**ASSIGNMENT:** Skip the pictures. Give all the data again exactly.

**SUPPLIED INFORMATION:**
+ + + +
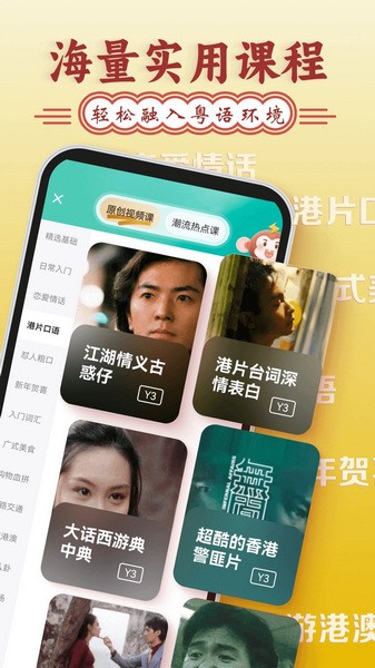 App里有好多有趣的学习方式:比如学唱粤语歌、看港剧台词、旅游用语等等。特别是那些经典的老歌,像陈奕迅、张学友的,听着音乐学语言真的超有趣!还有每天一句日常用语和各种分类对话教学,学习内容超级丰富。
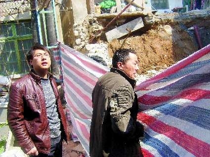 顺着一居民手指的方向,记者看到残存的院墙足有四五十公分厚,院墙外隔开20厘米左右才是隔壁邻居的院墙。
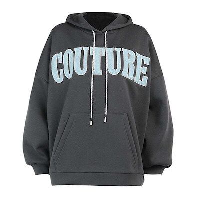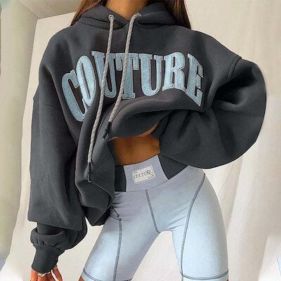 女性Y2Kレタープリントルーズパーカーグレーパーカー
+ + + +
**ANSWER SECTION:**
 App里有好多有趣的学习方式:比如学唱粤语歌、看港剧台词、旅游用语等等。特别是那些经典的老歌,像陈奕迅、张学友的,听着音乐学语言真的超有趣!还有每天一句日常用语和各种分类对话教学,学习内容超级丰富。
 顺着一居民手指的方向,记者看到残存的院墙足有四五十公分厚,院墙外隔开20厘米左右才是隔壁邻居的院墙。
 女性Y2Kレタープリントルーズパーカーグレーパーカー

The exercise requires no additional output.